August 13, 2004

Björk performed at the Olympics Opening Ceremony singing "Oceania", a song she wrote for the event, which will appear on her new a cappella album "Medùlla" to be released on August 31th.
Belfast Telegraph
37-year-old Björk talks to James McNair about her new a cappella album, Medúlla.
Perhaps the most ambitious work in a solo career festooned with pioneering records, the album relies on the myriad textures and timbres of the human voice. There was a moment of epiphany as regards the record's direction. Picture the scene: Björk, eight months pregnant with Isadora, who is now almost two, is recording her own drum overdubs. Think Meg White with a large bump. Suddenly, it strikes her that what she's doing is superfluous. Beginning a process of aural archaeology, the singer first removes some rhythm tracks, then excavates successive layers of instrumentation until her buried vocal melodies start to glint afresh. At this point, Björk says, she hit on the idea of doing an album almost entirely a cappella. "The only other rule", she adds, "was for it not to sound like Manhattan Transfer or Bobby McFerrin."

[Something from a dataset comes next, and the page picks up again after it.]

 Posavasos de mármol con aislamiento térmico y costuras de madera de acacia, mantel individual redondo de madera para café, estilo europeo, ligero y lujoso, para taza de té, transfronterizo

Like 2001's Vespertine, Björk's wonderful take on introspection and domestic intimacy, Medúlla's title chimes with its content. "Basically, it means 'marrow' in medical language, in Latin," she says. "Not just your bone marrow, but marrow in the kidneys and marrow in your hair, too. It's about getting to the essence of something, and with this album being all vocals, that made sense.
"Something in me wanted to leave out civilisation," she continues, "to rewind to before it all happened and work out, 'Where is the human soul? What if we do without civilisation and religion and patriotism, without the stuff that has gone wrong?' I was going to call the album Ink, because I wanted it to be like that black, 5,000-year-old blood that's inside us all; an ancient spirit that's passionate and dark and survives."

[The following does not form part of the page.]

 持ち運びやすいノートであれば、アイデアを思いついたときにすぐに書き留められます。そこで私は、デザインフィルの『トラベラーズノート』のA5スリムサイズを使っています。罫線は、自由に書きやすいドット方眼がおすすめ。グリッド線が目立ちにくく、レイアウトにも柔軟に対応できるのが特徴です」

An entirely a cappella album sounds as if it might outstay its welcome, but Medúlla's eclecticism and cherry-picked guest list helps to make for an absorbing, often thrilling listen. Produced by Björk and recorded in 12 locations, including New York, Iceland, Venice and the Canary Islands, the album has contributions from the Inuit throat-singer Tanya Tagaq Gillis, the Japanese beatbox ace Dokaka, the esteemed Robert Wyatt, Rahzel from The Roots and the former Faith No More front man Mike Patton.

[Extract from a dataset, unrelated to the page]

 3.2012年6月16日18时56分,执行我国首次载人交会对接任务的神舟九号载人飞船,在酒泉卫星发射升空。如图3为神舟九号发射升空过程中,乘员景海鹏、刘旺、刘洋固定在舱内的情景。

"I liked all of us to make any special noises we could," says Björk, her hybrid accent a wonder of timbre in itself. "Sometimes there's a kind of weave or blend where nobody is more important than anybody else; other times, I wanted each singer to have a sort of solo."
Listen out, then, for angelic and demonic sounds; for erotic, exotic and comedic sounds; for human takes on insects and birds; and drum-loops, whistling, joyous abandon and moments of sublime grace. There is also a typically Björkian blurring of eras: just as Vespertine featured handmade music-boxes and the cutting-edge electronica of the San Francisco duo Matmos, so Medúlla has traditional choral arrangements and box-fresh programming, the latter courtesy of Valgeir Sigurdsson of the Icelandic group Múm, and the established Björk collaborator Mark Bell.
On one of the album's strongest tracks, "Vokuro", Björk and a 20-piece choir reinvent a timeless-sounding composition that the septuagenarian Icelandic composer Jórunn Vidar wrote at the piano. There's a fascinating story behind it. Björk explains: "Jórunn Vidar is a really grand old lady. When she studied composition in Berlin before the Second World War, she knew Hitler and Leni Riefenstahl, but I won't go into that now. When I called her to ask about using her music, she said, 'Oh, it must be lovely having a little girl. She must be such an inspiration to you.'
"I was a bit confused at first, because I hadn't realised that the song is actually a lullaby that was written for a little girl with blue eyes. It's so weird, because I've been working with that piece of music for four years now, and four years ago I had no clue that I was going to have a little blue-eyed girl of my own. Things like that kept happening on this album, everything falling into place. I'm learning to trust my instincts with that stuff." More
London Daily Telegraph
Excerpt from another interview about the recording.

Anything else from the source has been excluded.